Nagoya/Boston Museum of Fine Arts

Staff writer

During the 14th century in northern Europe, the optical realism of still-life painting became popular and it was often used to depict objects of allegorical or symbolic meaning. It was not until much later that artists gradually began to pay more attention to shape, color and motifs, which led to less realistic works, such as those of Post-Impressionist Paul Cezanne (1839-1906) and Giorgio Morandi (1890-1964).

News photo
"Vanitas Still Life" by Cornelis Norbertus Gijsbrechts. © 2011 MUSEUM OF FINE ARTS, BOSTON

The exhibition showcases European and American still-life paintings from the collection of the Museum of Fine Arts in Boston, Massachusetts, and includes 69 works that collectively trace the history and transition of still-life art from the 16th century to today. In addition to the paintings, there is also a section on ceramics and crafts; Sept. 17-Feb. 19, 2012.

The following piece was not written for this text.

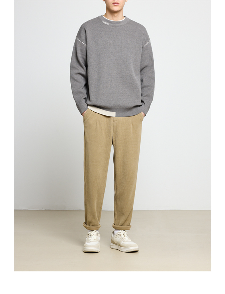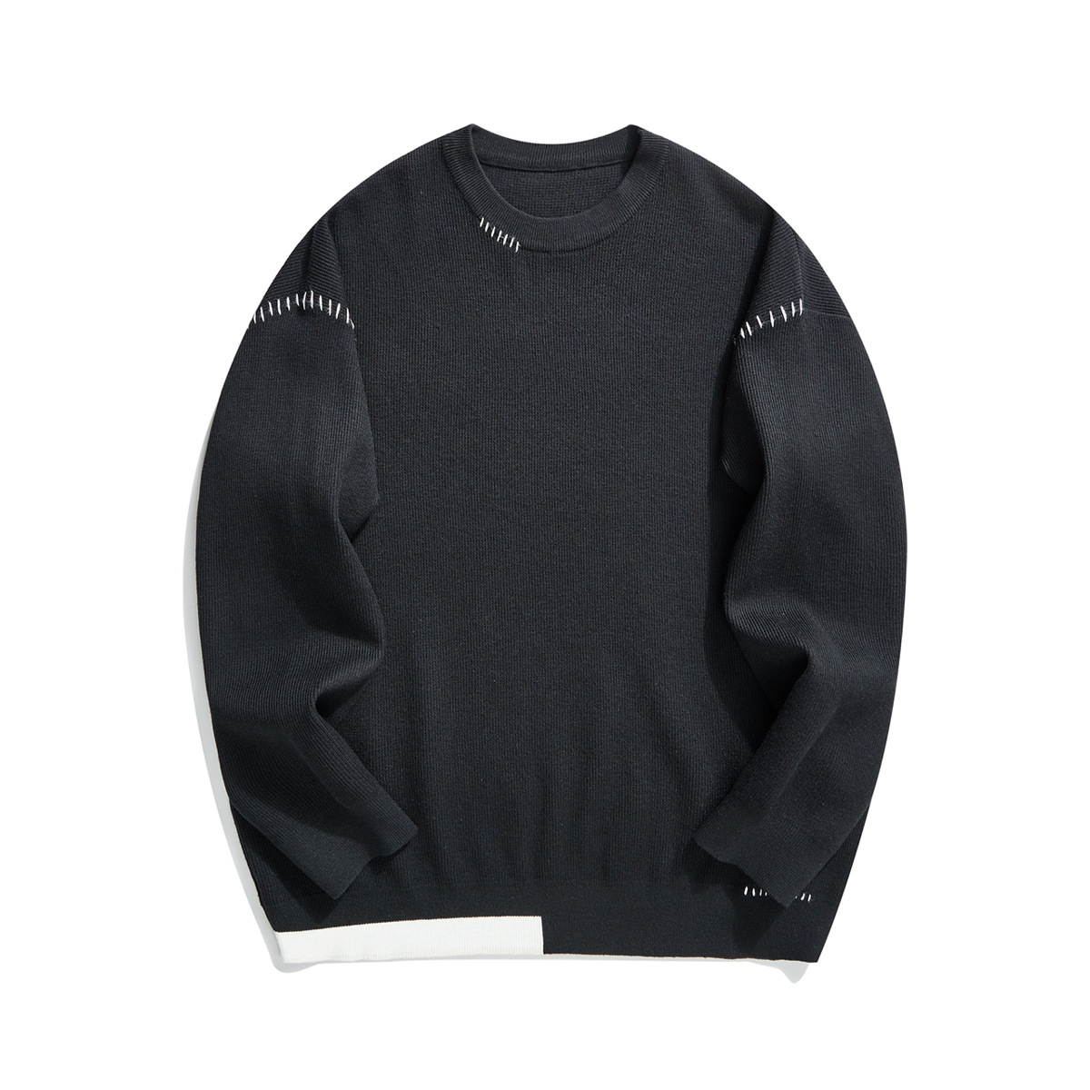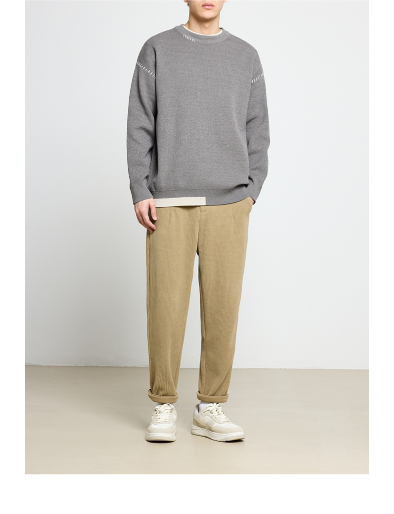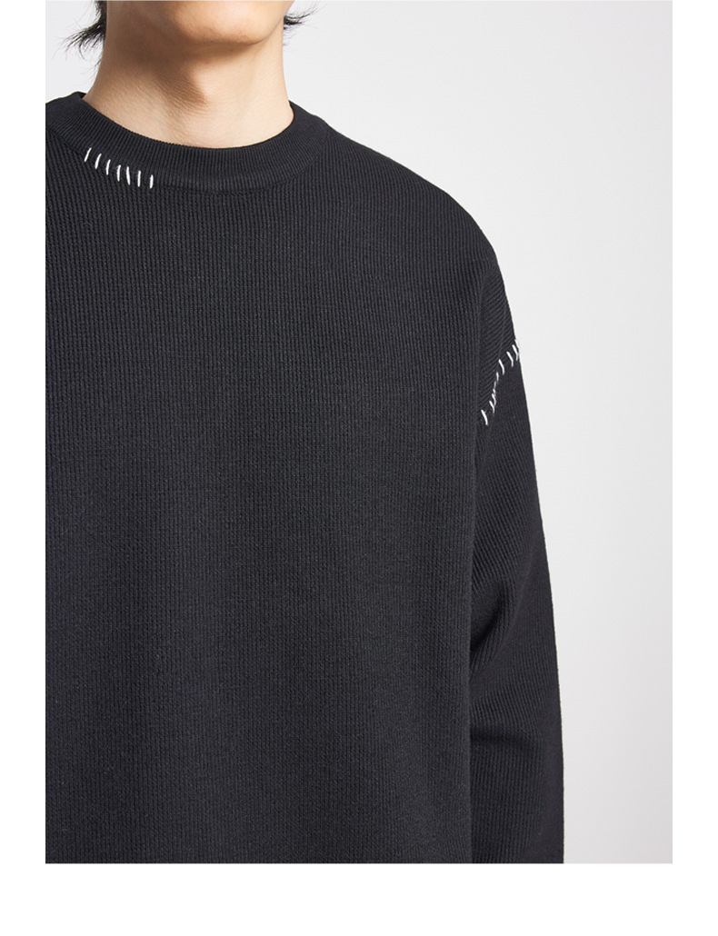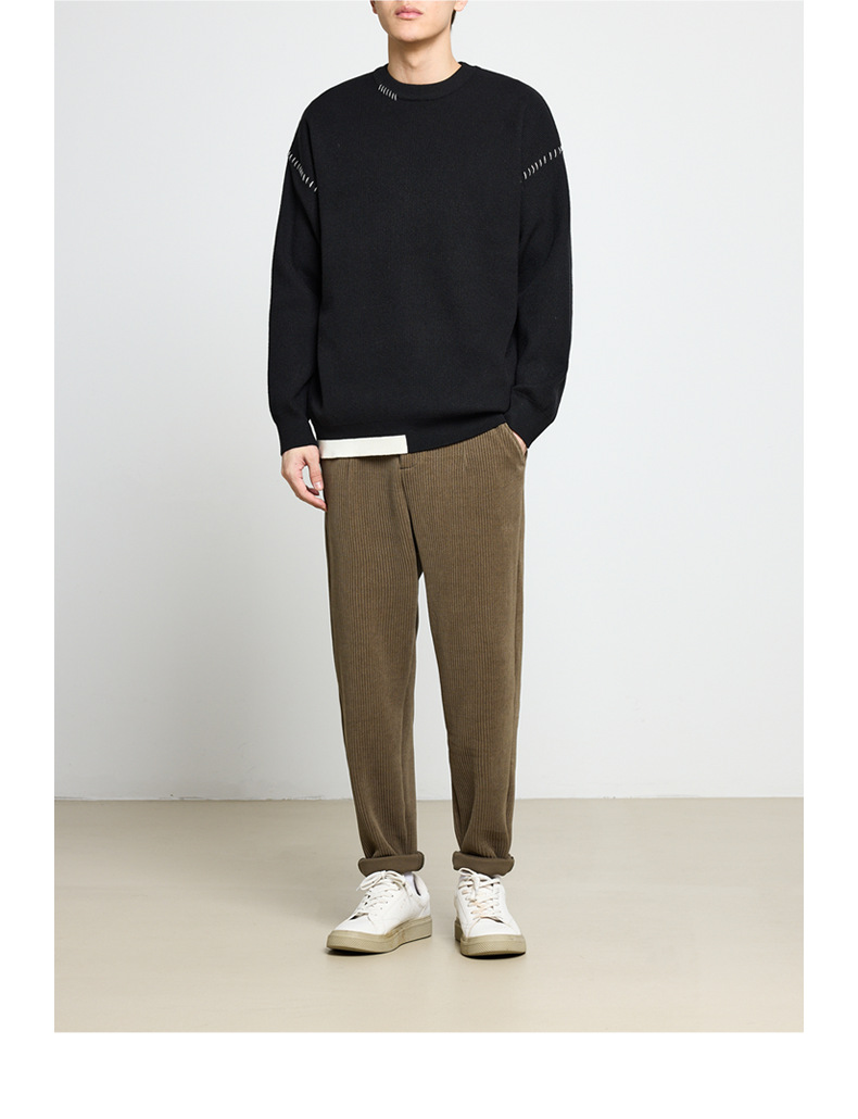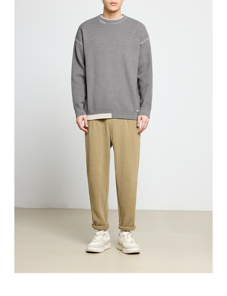 모마이크 패션 배색 스티치 스웨터 남성용 2025 가을 신상 심플 라운드넥 남성 니트웨어 20328스토어 가기

Nagoya/Boston Museum of Fine Arts; (052) 684-0101; 1-1-1 Kanayama-cho, Naka-ku, Nagoya-shi; in front of Kanayama Station (South Exit), Meijo or JR Tokaido lines. 10 a.m.-7 p.m. (Sat., Sun., and holidays, till 5 p.m.) ¥1,200. Closed Mon., Dec. 26-Jan. 1; open holidays and closed the following day. www.nagoya-boston.or.jp.